# Talking to someone about his struggle with sin



## Toasty (Feb 2, 2015)

I have friend who says that he wants to avoid committing a certain sin, but he still occasionally commits it. He says that he is trying to depend on God to help him to overcome it, walk in the Spirit, put on the full armor of God, and so on. What kind of things should I say to him?


----------



## chuckd (Feb 2, 2015)

I found John Owen's Mortification of Sin to have many practical teachings to help in this area. It's relatively short, too. ~120 pages.


----------



## Jack K (Feb 2, 2015)

Is it possible he's feeling you out to see if you might be open to providing some accountability for him (while not condemning him)? He may need frequent, honest contact with you, or need you to receive accountability reports regarding Internet usage or whatever, more than he needs advice.


----------



## Cymro (Feb 2, 2015)

Tell him the Puritan addage, if you trip over a stone it's the stones fault.If
you do it the second time it's your fault! To repeatedly commit under the knowledge
and awareness of what you are doing, to my mind is highly dangerous. Was it 
Spurgeon who wrote, you can jump a ditch by faith, but you must jump well!


----------



## Peairtach (Feb 2, 2015)

Sin, and particularly any sin that besets us easily, should always drive us further into the arms of Christ, for sanctification, just as we look to Him for justification.



> Abide in me, and I in you. As the branch cannot bear fruit by itself, unless it abides in the vine, neither can you, unless you abide in me. I am the vine; you are the branches. Whoever abides in me and I in him, he it is that bears much fruit, for apart from me you can do nothing. (John 15:4-5)





> Christ Jesus, who became to us wisdom from God, righteousness and sanctification and redemption (I Corinthians 1:30b)


----------



## Toasty (Feb 3, 2015)

chuckd said:


> I found John Owen's Mortification of Sin to have many practical teachings to help in this area. It's relatively short, too. ~120 pages.



I'll check out that book. Thanks.


----------



## Toasty (Feb 3, 2015)

Jack K said:


> Is it possible he's feeling you out to see if you might be open to providing some accountability for him (while not condemning him)?
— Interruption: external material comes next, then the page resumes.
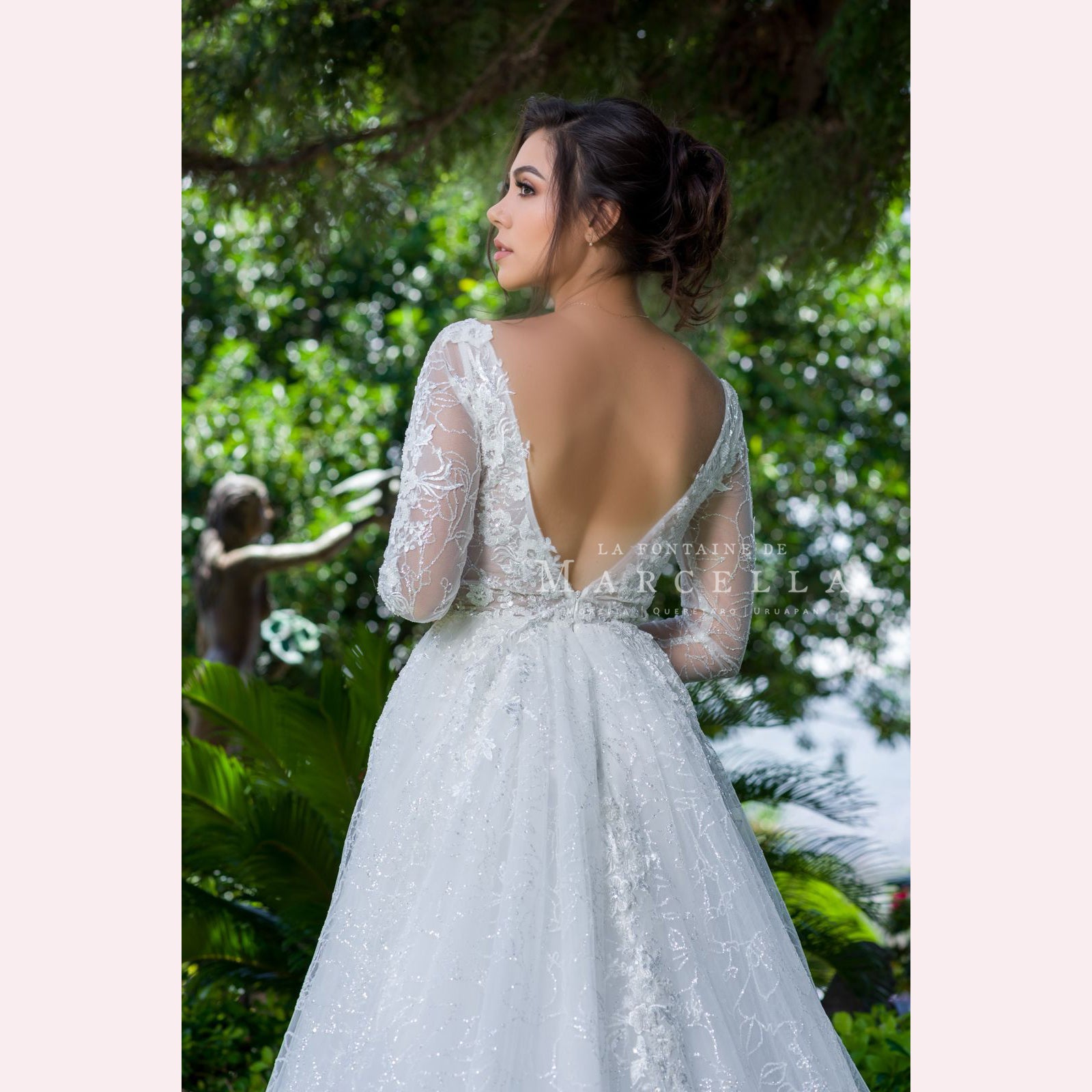 Vestido de novia con manga larga, escote en V y abertura en la pierna, es recomendado para cuerpos tipo Rectángulo y Triangulo Invertido.Read more

He may need frequent, honest contact with you, or need you to receive accountability reports regarding Internet usage or whatever, more than he needs advice.



I'll ask him if he wants to be held accountable.


----------



## timmopussycat (Feb 3, 2015)

Sometimes habitual sins have other sins associated with them: the obviously recurring sin can turn out to be what some call a "presentation problem" and not the fundamental sin itself. If an experienced Biblical counselor is available one might profit from consulting with such.


----------